Please output the data exactly, minus pictures.

▸ **Dataset excerpt**:
+===+
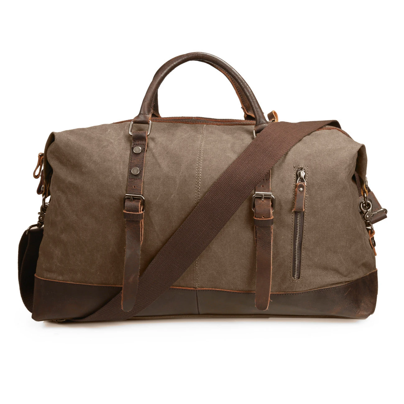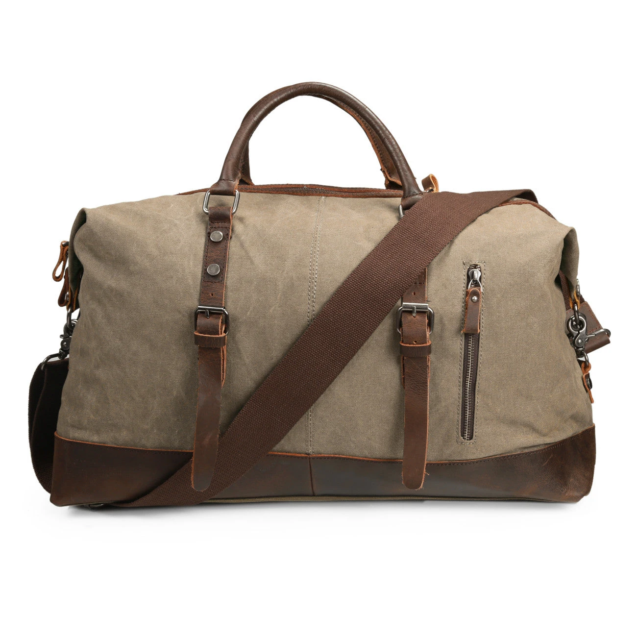 Premium density canvas. top quality genuine leather trim and vintage zinc alloy hardware. is perfect for a weekend trip. overnight traveling. sports etc
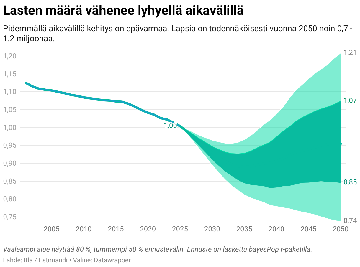 Pidemmällä aikavälillä kehitys on epävarmaa. Lapsia on todennäköisesti vuonna 2050 noin 0,7 - 1.2 miljoonaa.
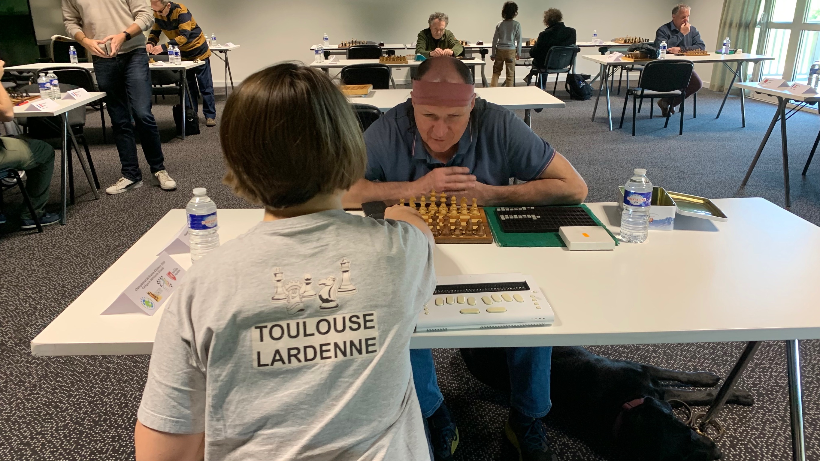 Dans un silence concentré, dans une des salles de l’hôtel-restaurant du Bois de la Marche à Fontaine-le-Comte qui les accueillent, quelques participants finalisent leur partie en cette fin de matinée du samedi 11 mai 2024. Tous appartiennent au groupe de trente compétiteurs engagés au championnat de France d’échecs ca- tégorie handicap visuel.
+===+
▸ **Solution to this task**:
 Premium density canvas. top quality genuine leather trim and vintage zinc alloy hardware. is perfect for a weekend trip. overnight traveling. sports etc
 Pidemmällä aikavälillä kehitys on epävarmaa. Lapsia on todennäköisesti vuonna 2050 noin 0,7 - 1.2 miljoonaa.
 Dans un silence concentré, dans une des salles de l’hôtel-restaurant du Bois de la Marche à Fontaine-le-Comte qui les accueillent, quelques participants finalisent leur partie en cette fin de matinée du samedi 11 mai 2024. Tous appartiennent au groupe de trente compétiteurs engagés au championnat de France d’échecs ca- tégorie handicap visuel.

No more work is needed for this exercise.